- Work instruction
The response should repeat word for word every line below from the one with "A modern adaptation, this" to the one with "Unlike many perfectly-timed", inclusive, and nothing else; leave pictures out.

- Dataset records
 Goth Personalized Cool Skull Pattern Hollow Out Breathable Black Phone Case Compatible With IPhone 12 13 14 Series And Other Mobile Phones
==
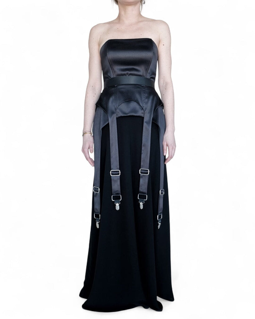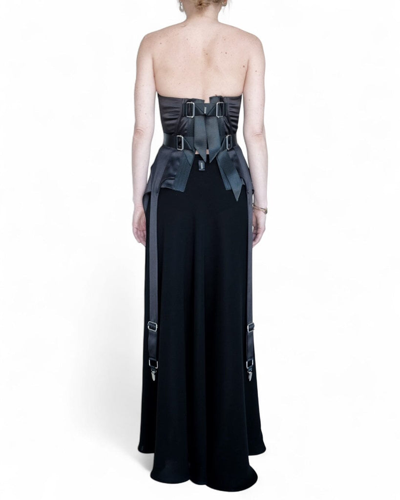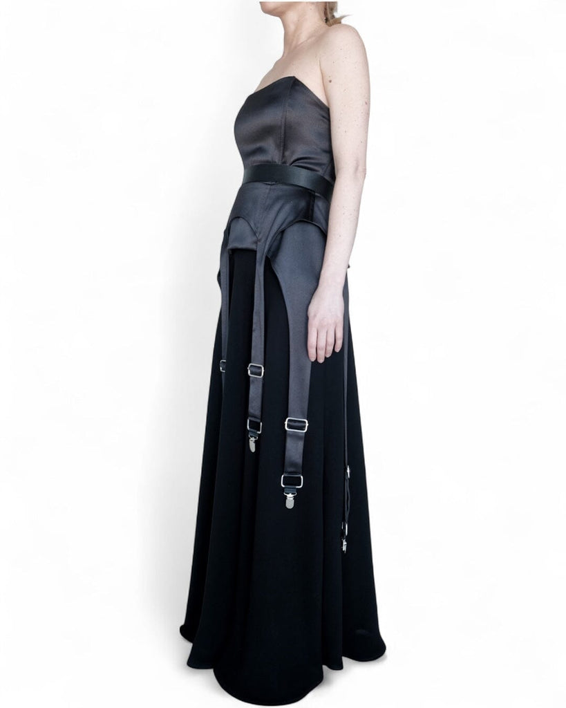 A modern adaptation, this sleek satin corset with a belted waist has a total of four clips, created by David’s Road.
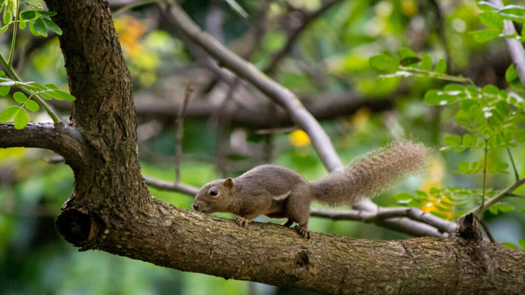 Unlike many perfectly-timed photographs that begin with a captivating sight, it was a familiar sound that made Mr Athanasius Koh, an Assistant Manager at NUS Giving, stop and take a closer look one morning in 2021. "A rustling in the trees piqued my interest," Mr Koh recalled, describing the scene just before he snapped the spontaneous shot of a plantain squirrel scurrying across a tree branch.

- Solution
 A modern adaptation, this sleek satin corset with a belted waist has a total of four clips, created by David’s Road.
 Unlike many perfectly-timed photographs that begin with a captivating sight, it was a familiar sound that made Mr Athanasius Koh, an Assistant Manager at NUS Giving, stop and take a closer look one morning in 2021. "A rustling in the trees piqued my interest," Mr Koh recalled, describing the scene just before he snapped the spontaneous shot of a plantain squirrel scurrying across a tree branch.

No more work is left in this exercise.